P est absent. Depuis la publication de son premier roman, en 1963, il refuse les interviews, les photographies et toute existence publique. Ses livres labyrinthiques, débordant d’érudition sur l’histoire des sciences, la géopolitique ou les chansons populaires, sont le fruit d’une écriture qui mêle à tout moment de la gravité et de la distance amusée, du chaos et du dérisoire, de la précision et de l’incertain. De quoi susciter l’intérêt, quelquefois obsessionnel, des personnages de La Dissipation, qui ont constitué un gigantesque corpus d’informations, vraies ou fausses, parfois vraisemblables. Nicolas Richard s’intéresse à la manière dont circulent ces informations, et il en délivre certaines à travers différents filtres, différents niveaux de lecture. 

Pynchon

© Julie Bonnie

« Pynchon n’est pas un auteur de la révélation mais plutôt de l’épiphanie. Il laisse entrevoir en de brefs instants une lumière traversante. » 

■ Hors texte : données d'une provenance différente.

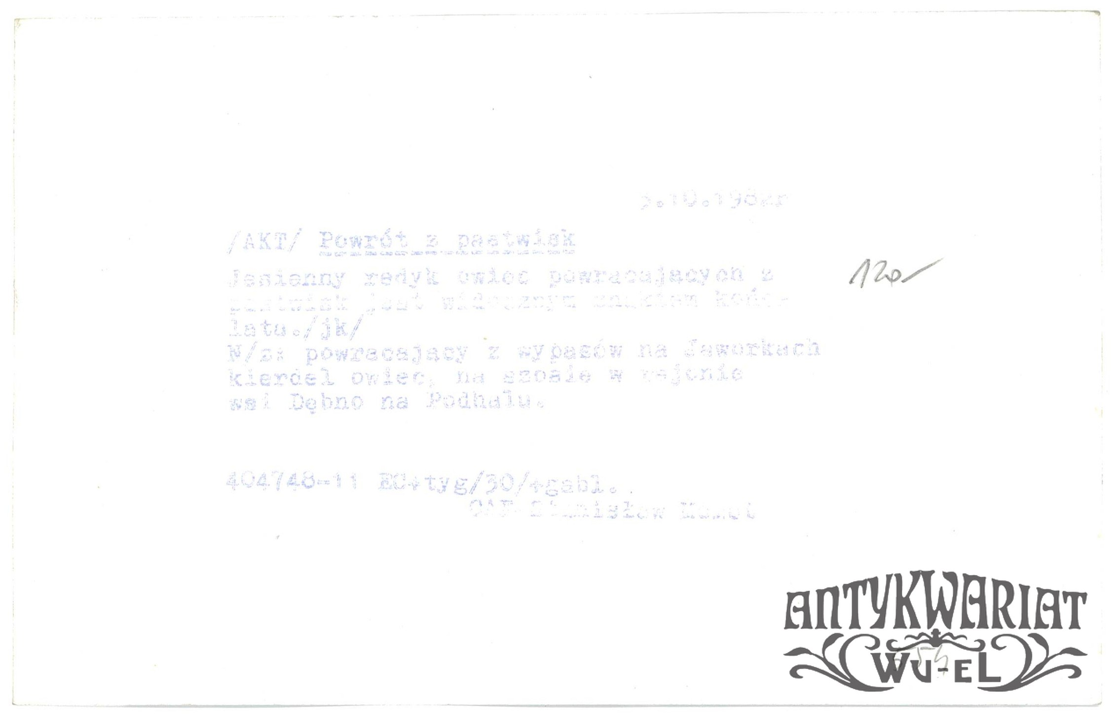 DĘBNO (Podhale). Jesienny redyk, kierdel owiec powracający z wypasu na Jaworkach; fot. CAF - Stanisław Momot, 3.10.1982 r.; stan bardzo dobry, wymiary: 18,7 x 11,8 cm.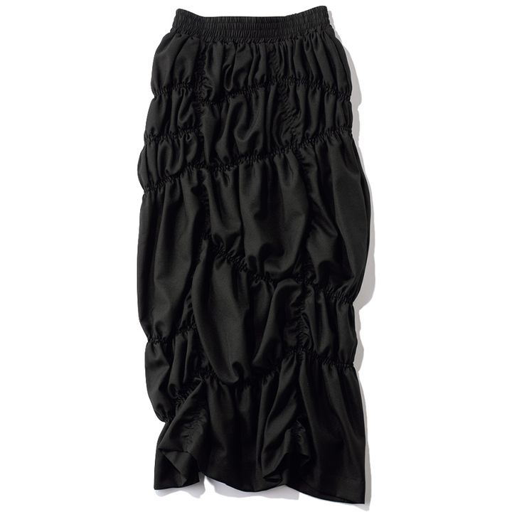 不規則に入ったシャーリングがモードでキレイめなデザインながらも、全体的に伸縮性があり、リラックス感のあるはき心地。 ブラックシャーリングスカート¥33,000(OMMO)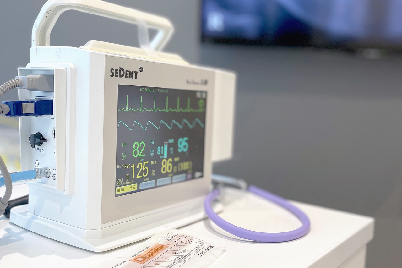 血圧計・動脈血酸素飽和度・心電図などの各種モニターを装着します。患者さんの様子をより的確に把握するため、口紅やマニキュア、コンタクトレンズはせずにお越しください。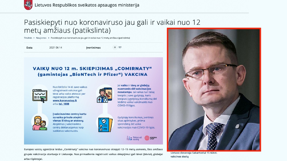 Sveikatos apsaugos ministro pareigas einantis Arūnas Dulkys, šiame poste kalbantis tik apie vakcinas ir vakcinavimąsi, birželio mėnesį išleido instrukciją vaikams.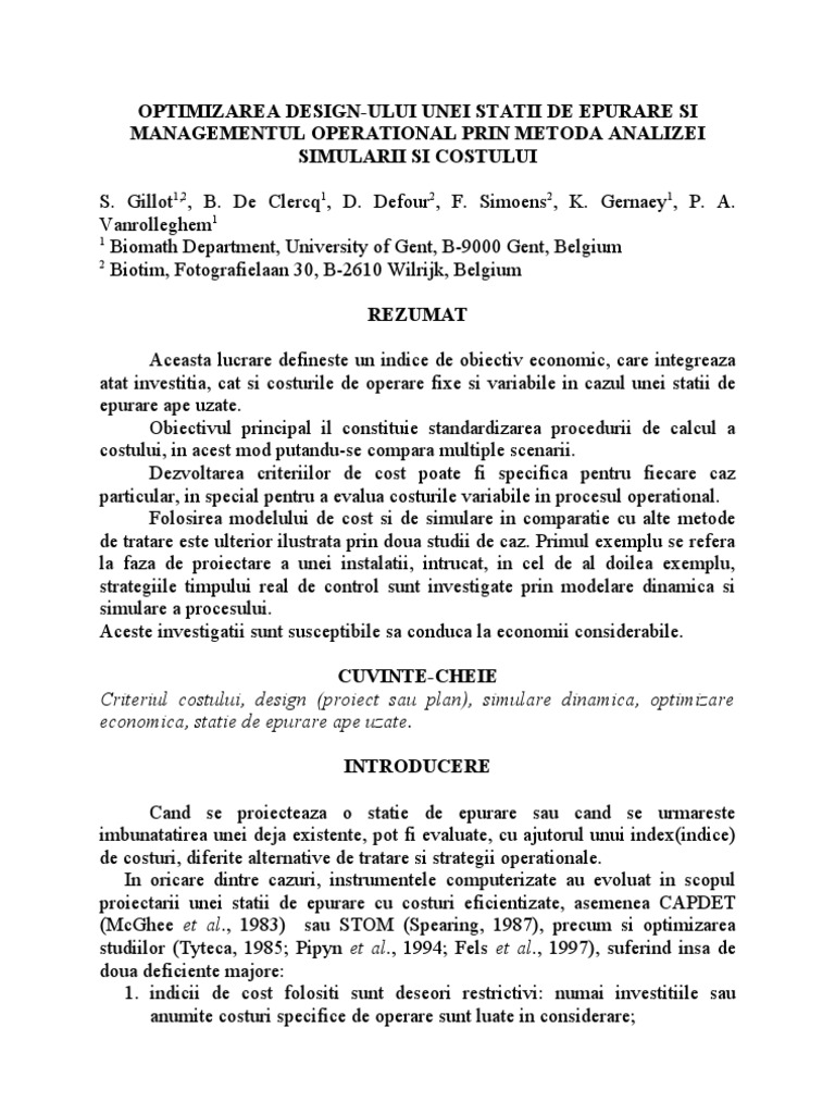 APRECIERI Acest studiu a fost finantat de Institutul Flemish pentru Promovarea Cercetarii Stiintifico-Tehnologica in Industrie din Belgia. REFERINTE Agentiile de gospodarirea apelor, Ministerul Mediului (1995). Abordari tehnico-economice ale costurilor. Investitii de [Link] tehnic, pag. 48. (in Franceza), Alexandre, O. si Grand dEsnon, A. (1998). Costul de salubritate rurala. Evaluarea costurilor de investiii i de exploatare. TSM, 7/8, 19-31. (in Franceza) ASCE (1992) ASCE Masuratori standard pentru transferul de oxigen in apa curata. Societatea Americana a Inginerilor, Balmr, P. and Mattson, B. (1994). Costurile operationale pentru o statie de epurare ape uzate, Wat. Sci. Tech. 30(4), 7-15. Brett, S. W., Morse, G. K., Lester, J. N. (1998). Cheltuieli operationale in industria apei (I) : O metodologie pentru estimarea costurilor variabile in cazul unei statii de epurare avansate. Managementul apei in context european, 1(5), 31-38. Ekster A.(1998). Controlul pierderilor automate. Wat. Env. Techn., 10 (8),63-64. Fels, M., Pintr, J., Lycon, D. S. (1997). Optimizarea design-ului pentru sistemele de tratare ape uzate Aplicarea la past mecanic i industria hrtiei: proiectare si relatii de cost. Can. J. Chem., Eng., 75, 437-451. Jacquet, P. (1999). Een globale kostenfunctie voor tuning en evaluatie van op respirometrie gebaseerde controle algoritmen voor actiefslibprocessen. Engineers Thesis. Faculty of Agricultural and Applied Biological Sciences. University Gent, Belgium. pp. 122. (in Dutch) McGhee, T. J., Mojgani, P., Viicidomina, F. (1983). Use of EPAs CAPDET program for evaluation of wastewater treatment alternatives. J. Water Pollut. Control Fed., 55(1), 35-43. Pipyn, P., Derycke, D., Defour, D. (1994). Sludge production and treatment as important factors in the cost/benefit calculation in the choice of the most appropriate wastewater treatment plant system . Med. Fac. Landbouww., Univ. Gent, 59, 1951-1958. Rivas A. and Ayesa E.(1997). Optimum design of activated sludge plants using the simulator DAISY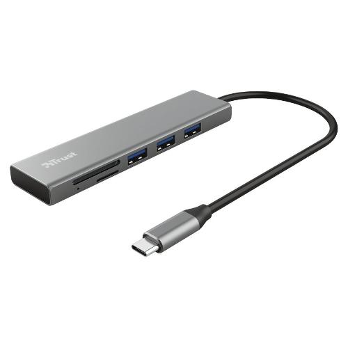 Compatto hub USB a 3 porte in alluminio con lettore di schede (micro) SD e connessione USB-C

Entretien avec Nicolas Richard,  auteur de La Dissipation

Dans La Dissipation, le lecteur reçoit des informations de la part de nombreuses voix. Comment se sont-elles construites, et quelle est leur place ?

Nicolas Richard : L’écriture du livre a commencé sans que je m’en rende vraiment compte. En traduisant Thomas Pynchon, j’ai simplement commencé à prendre des notes. La traduction m’a amené à contacter un certain nombre de gens pour éclaircir des détails de langue, des allusions qui m’échappaient, et c’est avec le statut très clair du traducteur que j’ai commencé à circuler sur différents sites consacrés à Pynchon. Dans Vice caché par exemple, il est à un moment question d’un fast-food qui vend des burgers avec des joints cachés à l’intérieur… J’avais besoin d’être certain de ce que je traduisais, je cherchais des éclaircissements d’ordre lexical ou grammatical, ou sur tel aspect précis de réalités politiques ou historiques. En entrant en contact avec des individus qui connaissent extrêmement bien l’œuvre de Thomas Pynchon, je me suis retrouvé pris dans un tourbillon, une « matière » passionnante.

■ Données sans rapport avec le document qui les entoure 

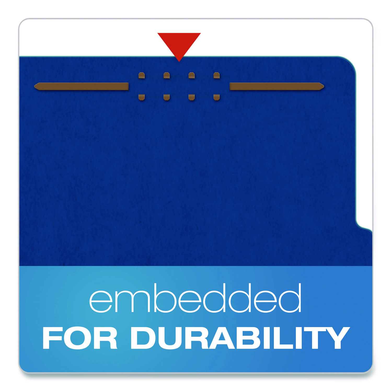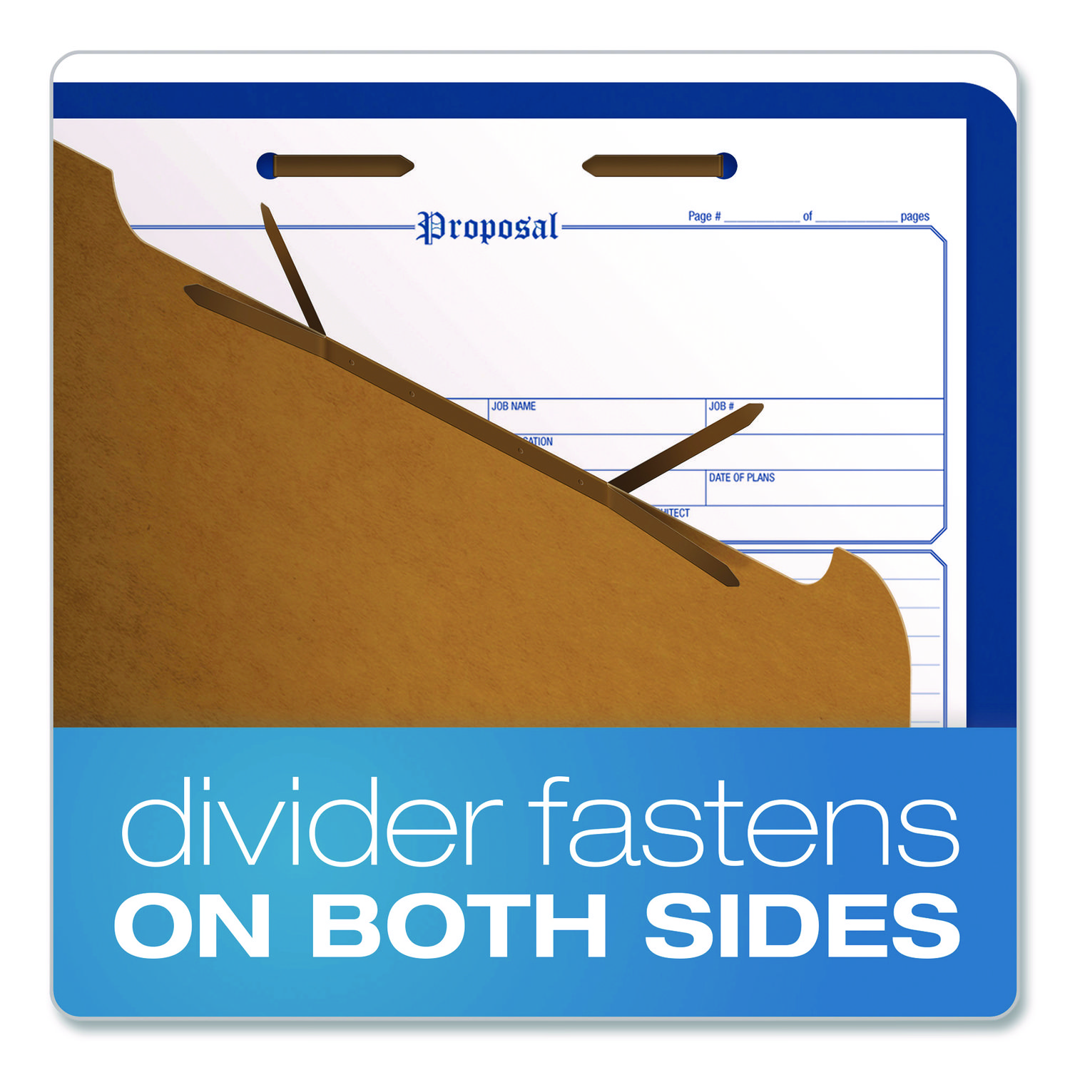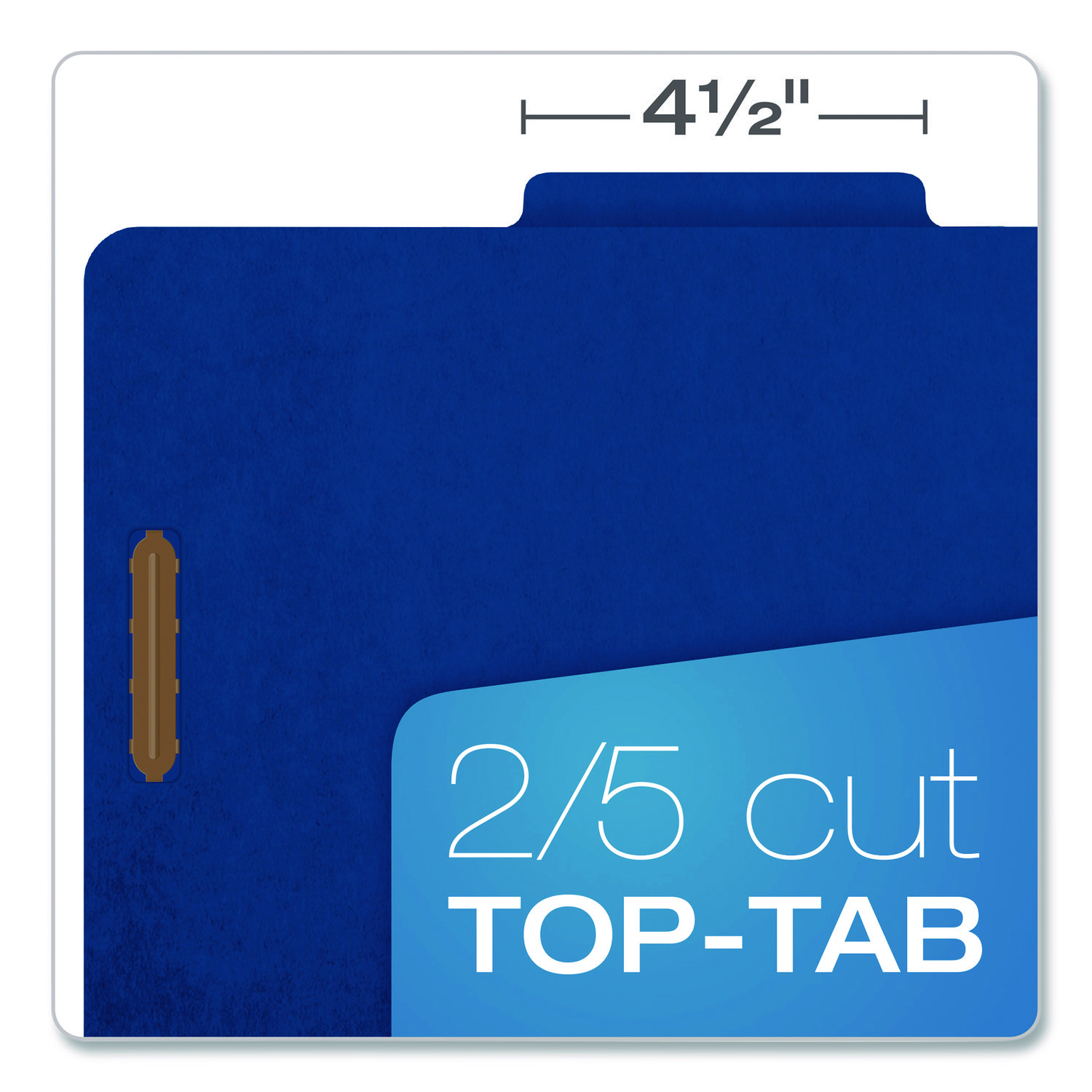 Pressboard Top Tab Classification Folders, 2/5-Cut Tab, Expands 1.75″, 1 Divider, 4 Fasteners, Letter Size, Dark Blue, 10/Box

Tout en traduisant, j’ai donc commencé à consigner des impressions, à lister des anecdotes, à réfléchir à des hypothèses que j’avais pu entendre ou lire… Et puis un beau jour, Jérôme Schmidt, des éditions Inculte, m’a proposé d’écrire une biographie de Pynchon. L’idée était tentante, mais je voulais faire autre chose. Ce qui m’intéressait, c’était cette zone floue entre la rumeur, la confirmation, l’infirmation et les effets que produit cette circulation fébrile des infos. Ce n’est pas tant l’auteur disparu que j’ai voulu mettre en scène que ce que la dissolution d’un écrivain génial pouvait produire sur certains, et la manière dont ces personnes interagissent entre elles. Des lecteurs magnétiquement attirés par l’auteur manquant deviennent des personnages à partir du moment où je les plonge dans des situations fictives ; je connais leurs façons de parler et de raisonner, j’imagine leurs réactions dans certaines situations.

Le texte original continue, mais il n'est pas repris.